Google DeepMind introduces Gemma 2, a new generation of open AI models designed to enhance performance and efficiency across diverse hardware platforms. Available in 9 billion and 27 billion parameter sizes, Gemma 2 aims to revolutionise AI deployment with its cost-effective, high-performance capabilities.
Google DeepMind has launched Gemma 2, a new generation of open AI models that provide improved performance metrics and a collection of lightweight. This is an advanced open model derived from the same research and technology used to create the Gemini models. The Gemma family has expanded to include CodeGemma, RecurrentGemma, and PaliGemma, each designed for specific AI tasks and accessible through integrations with partners like Hugging Face, NVIDIA, and Ollama.
Gemma 2 is available in 9 billion (9B) and 27 billion (27B) parameter sizes, surpassing the first generation in both performance and efficiency during inference, while also incorporating significant safety enhancements. The 27B model provides competitive alternatives to models more than twice its size. This advanced capability is now possible on a single NVIDIA H100 Tensor Core GPU or TPU host, greatly reducing deployment costs.
Google launches Gemma 2 for redefining AI performance and efficiency
Gemma 2 represents AI architecture, crafted for exceptional performance and efficiency in inference. At 27 billion parameters, Gemma 2, offers performance that competes with models more than twice its size. Even the 9 billion parameter version of Gemma 2 surpasses other open models in its category, including Llama 3 8B. For detailed performance metrics, refer to the technical report.
The 27B Gemma 2 model is designed to execute inference tasks efficiently at full precision on a single Google Cloud TPU host, NVIDIA A100 80GB Tensor Core GPU, or NVIDIA H100 Tensor Core GPU. This capability significantly reduces deployment costs while maintaining high performance, making AI deployments more accessible and budget-friendly.

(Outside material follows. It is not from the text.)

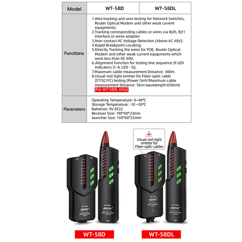 تستر کابل شبکه و ردیاب ولتاژ مستک مدل WT-58DL

Gemma 2 is optimised for rapid inference across diverse hardware environments, from advanced gaming laptops and high-performance desktops to cloud-based setups. Users can experience Gemma 2 in full precision on Google AI Studio, and unlock local performance using the quantised version with Gemma.cpp on their CPU, or deploy it on personal devices such as NVIDIA RTX or GeForce RTX via Hugging Face Transformers.
Gemma 2 by Google enhances accessibility: Tailored for developers and researchers
Gemma 2 isn’t just more powerful; it’s designed to seamlessly integrate into user workflows:
Open and Accessible: Gemma 2 is available under the commercially friendly Gemma license to empower developers and researchers to share and commercialise their innovations with ease.
Wide Framework Compatibility: Gemma 2 is compatibile with major AI frameworks such as Hugging Face Transformers, JAX, PyTorch, and TensorFlow by native Keras 3.0, vLLM, Gemma.cpp, Llama.cpp, and Ollama. This facilitates an effortless integration with the preferred tools and workflows of users.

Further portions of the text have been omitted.